[[ DATA EXTRACT open ]]

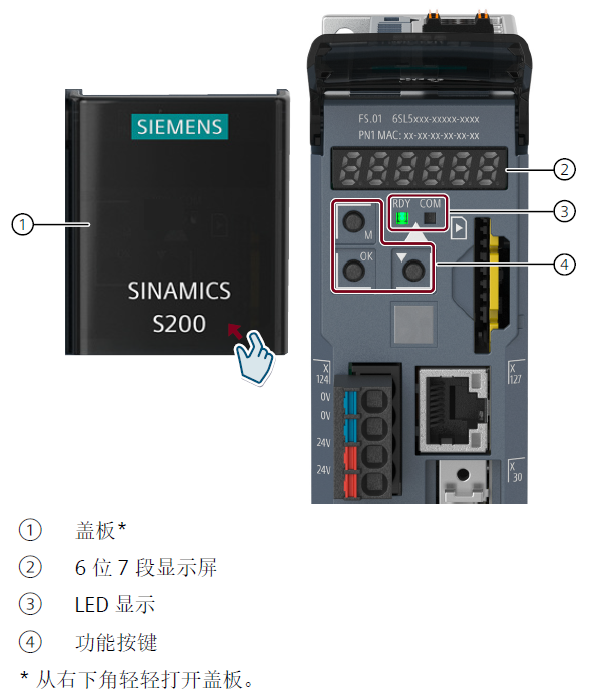 SINAMICS SDI (Smart Drive Interface) Status 面板位于驱动器的正面,用户可以使用SDI Status 面板进行以下操作:
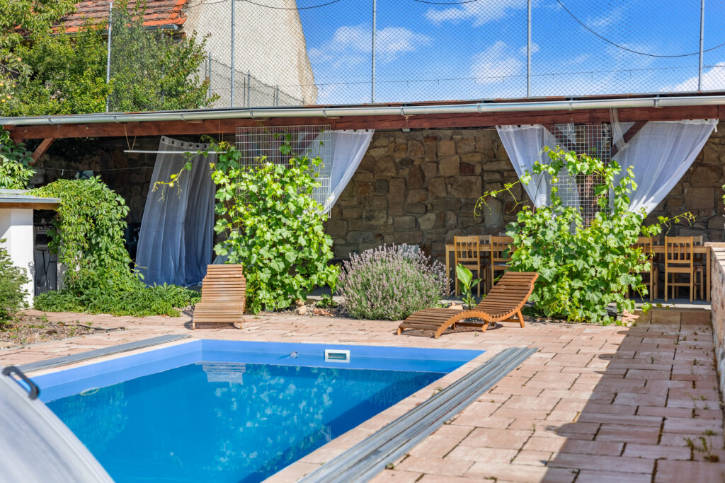 Venkovní prostor s bazénem, posezením, grilem, saunou, ohništěm a sportovním multifunkčním hřištěm.
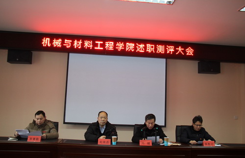 1月3日上午,机械与材料工程学院在机械实验楼206会议室举行处级领导干部年度述职与测评大会。副校长纪岗昌,校党委委员、宣传部部长冯健,组织人事部职称科科长张扬帆出席了此次述职测评会。会议由冯健部长主持,机材学院领导及全体教职工参加了会议。
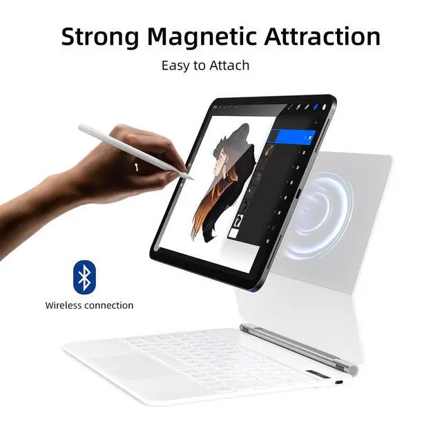 Perform your tasks with a single press, making your work process faster and more efficient, allowing you to work smarter, not harder ^^ Secure Magnetic Attachment for Stability and FlexibilityEnjoy maximum stability with a strong magnetic design that attaches your keyboard in seconds. Adjust the angle for comfort and convenience, whether youre typing, viewing, or working from any locationstability and flexibility in one ^^ Vibrant, Customizable Backlight for a Premium ExperienceTransform your workspace with a dazzling backlight! Choose from 7 vibrant colors and 3 adjustable brightness levels to perfectly match your environment.
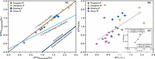 圖2 華南板塊Sturtian 冰消期IFs中共生赤鐵礦和磁鐵礦鐵(δ56Fe)和鎳(δ60Ni)同位素特征
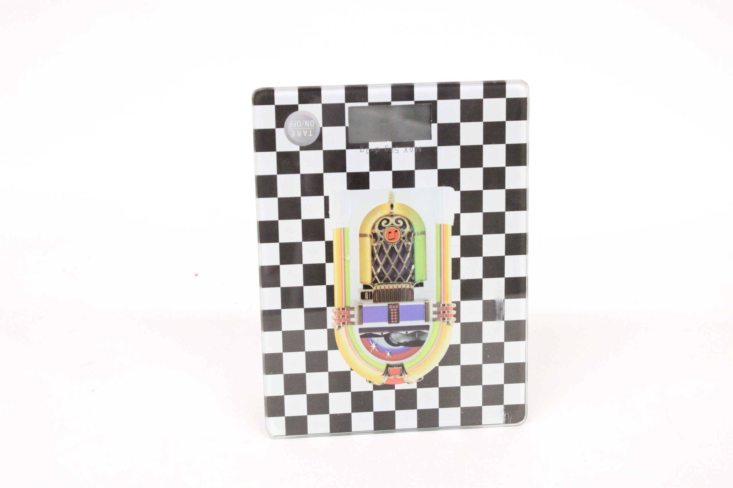 Bascula de cocina con un diseño de una maquina de discos antigua
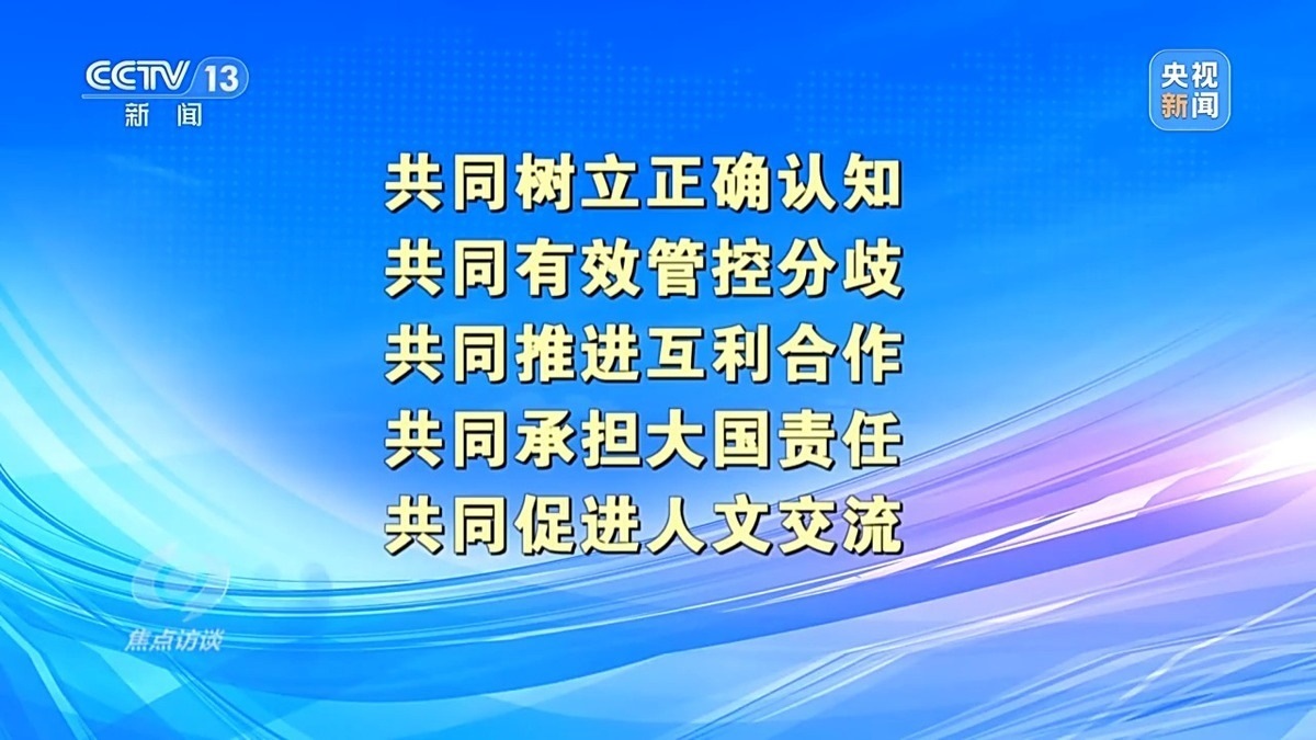 中國人民大學(xué)國際關(guān)系學(xué)院教授 刁大明:現(xiàn)在看舊金山這次會晤本身,中方非常清晰地從負(fù)責(zé)任大國角度出發(fā),從對歷史、對人民、對世界角度出發(fā),提出了一個中美兩國正確相處之道。“五個共同”是中國提出的一個正確相處之道,也是中國從負(fù)責(zé)任角度出發(fā),為穩(wěn)定中美關(guān)系,為更多增進(jìn)全球福祉提出中國方案。

[[ DATA EXTRACT closed ]]

EXERCISE PROMPT:
Set out exactly, and only, the lines between the first line of the listing and the line containing "圖2 華南板塊Sturtian 冰消期IFs中共生赤鐵礦和磁鐵礦鐵(δ56Fe)和鎳(δ60Ni)同位素特征", counting both, while leaving every picture out.

RESPONSE BOX:
 SINAMICS SDI (Smart Drive Interface) Status 面板位于驱动器的正面,用户可以使用SDI Status 面板进行以下操作:
 Venkovní prostor s bazénem, posezením, grilem, saunou, ohništěm a sportovním multifunkčním hřištěm.
 1月3日上午,机械与材料工程学院在机械实验楼206会议室举行处级领导干部年度述职与测评大会。副校长纪岗昌,校党委委员、宣传部部长冯健,组织人事部职称科科长张扬帆出席了此次述职测评会。会议由冯健部长主持,机材学院领导及全体教职工参加了会议。
 Perform your tasks with a single press, making your work process faster and more efficient, allowing you to work smarter, not harder ^^ Secure Magnetic Attachment for Stability and FlexibilityEnjoy maximum stability with a strong magnetic design that attaches your keyboard in seconds. Adjust the angle for comfort and convenience, whether youre typing, viewing, or working from any locationstability and flexibility in one ^^ Vibrant, Customizable Backlight for a Premium ExperienceTransform your workspace with a dazzling backlight! Choose from 7 vibrant colors and 3 adjustable brightness levels to perfectly match your environment.
 圖2 華南板塊Sturtian 冰消期IFs中共生赤鐵礦和磁鐵礦鐵(δ56Fe)和鎳(δ60Ni)同位素特征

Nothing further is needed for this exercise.